Tuesday, January 23, 2007

atomic KIT(S)CHEN

according to the publisher:
"There was a time when customized meat forks and devices with specialized slicing action were the marks of a well-equipped kitchen. Conscious cooks in the 1950s equipped their drawers and cupboards with the latest and greatest doohickeys, thingamajigs, and must-have products. From the Saucy Stovetop Butter Melter to the Chop-o-Matic, if there was a vegetable to chop or meat to be carved, there was a device to make it better and easier! Atomic Kitchen presents a gallery of gadgets, features, and cooking devices that appeared and, in some cases, disappeared during the creative cooking of the 1950s. Accompanied by vibrant, original packaging and vintage advertisements, you'll marvel at the ingenuity of the minds that brought you the Weenie Wheel, Bean-X Bean Slicer, Cookie Gun, and much more."

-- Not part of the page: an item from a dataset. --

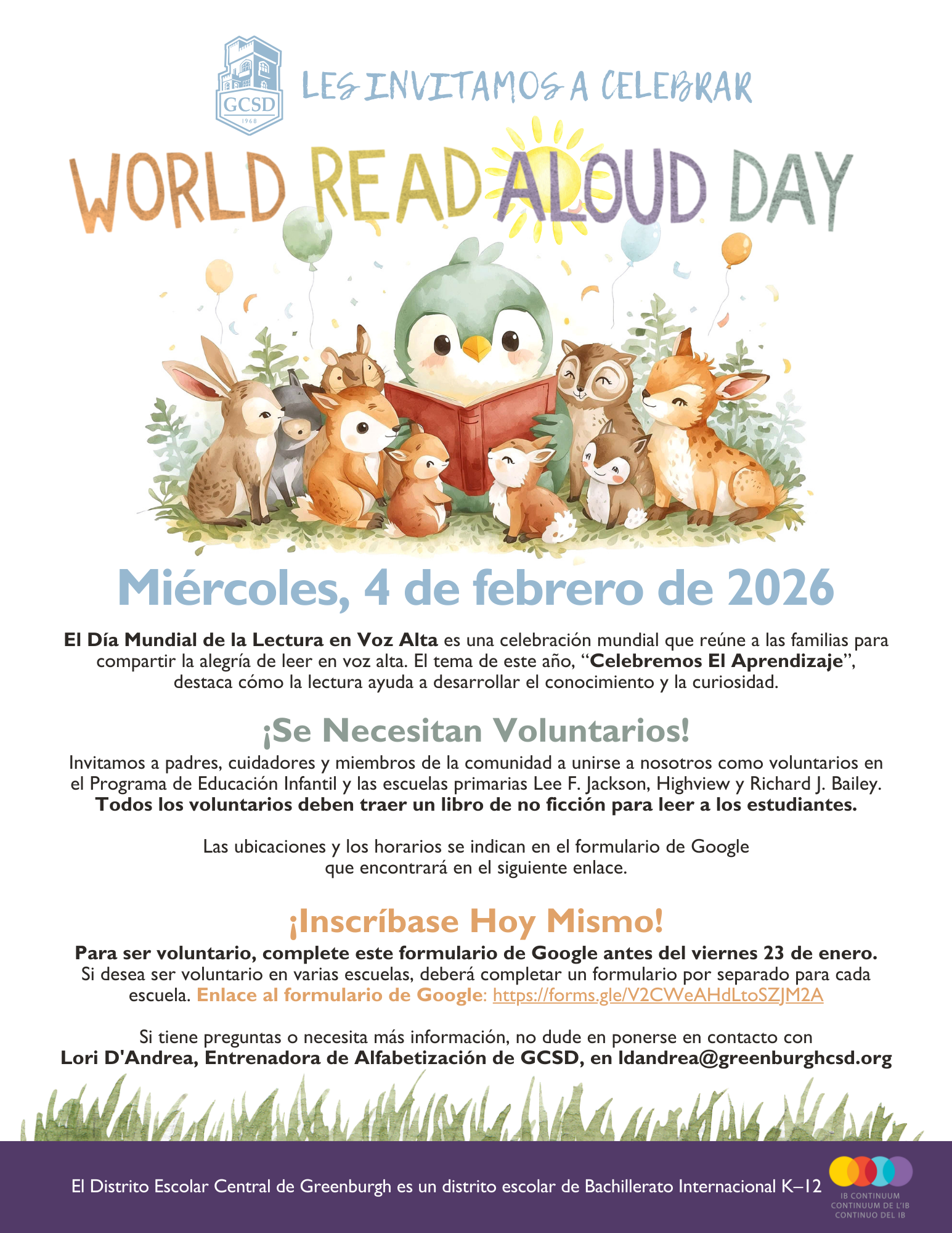 ¡Acompáñenos el 4 de febrero para el Día Mundial de la Lectura en Voz Alta! Estamos buscando padres y miembros de la comunidad que deseen leer en voz alta y ayudar a inspirar el amor por los libros en nuestros estudiantes. Inscríbase y celebre con nosotros la alegría de la lectura. Por favor haga clic aqui para registarse.

what's most puzzling (and simultaneously striking) is the word, "atomic." how can a word that originally connoted mass human destruction on a catacylsmic level suddenly be used to casually talk about spaces within the home - a private, closed space where the family believed it was kept safe from the unfamiliar world outside? how might the home be interpreted as a symbol of maintaining domestic, national security in the face of a potential nuclear attack from the soviet union? at what point does "atomic" signal "kitsch," the mushroom cloud become a wearable vestige of the masses that were excluded from the firsthand horrors of hiroshima and nagasaki?